(WHAT TO DO) The response should contain only the line with "SILVER ONE-TONE ROLEX" and every line after it to the end of the listing below, duplicated exactly; no picture belongs in it.

(DATA EXTRACT)
= = = = = = =

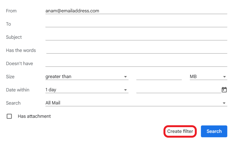 - Explore the different filtering criteria available: You can filter emails in many ways, such as from, to, body keywords, email size, and date sent.
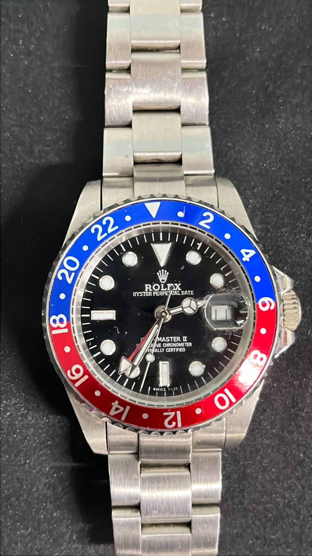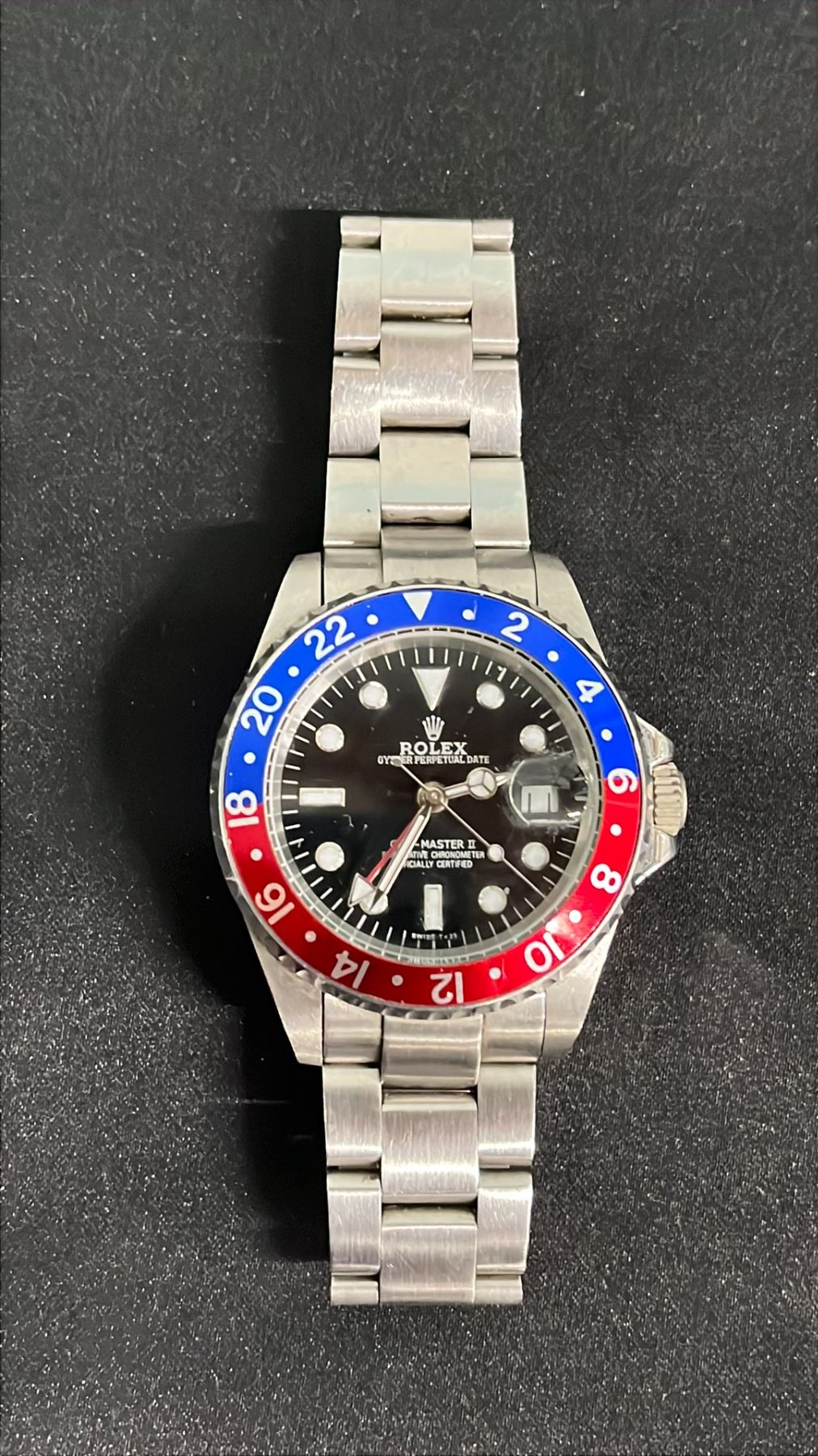 SILVER ONE-TONE ROLEX OYSTER PERPETUAL GMT MASTER II WATCH: BLUE & RED BEZEL - *REPLICA* REFERENCE #62523
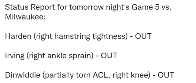 纳什在接受采访时透露,欧文已经接受核磁共振检查,确认脚踝扭伤,但他表示自己并不知道欧文脚踝扭伤的级别。纳什还表示他不确定欧文能否在这轮系列赛中复出。哈登在纳什接受采访时依然在球馆里训练,当时纳什表示不知道哈登的出战状态,但篮网官方很快就确认哈登同样不能打G5。

= = = = = = =

(SOLVED EXERCISE)
 SILVER ONE-TONE ROLEX OYSTER PERPETUAL GMT MASTER II WATCH: BLUE & RED BEZEL - *REPLICA* REFERENCE #62523
 纳什在接受采访时透露,欧文已经接受核磁共振检查,确认脚踝扭伤,但他表示自己并不知道欧文脚踝扭伤的级别。纳什还表示他不确定欧文能否在这轮系列赛中复出。哈登在纳什接受采访时依然在球馆里训练,当时纳什表示不知道哈登的出战状态,但篮网官方很快就确认哈登同样不能打G5。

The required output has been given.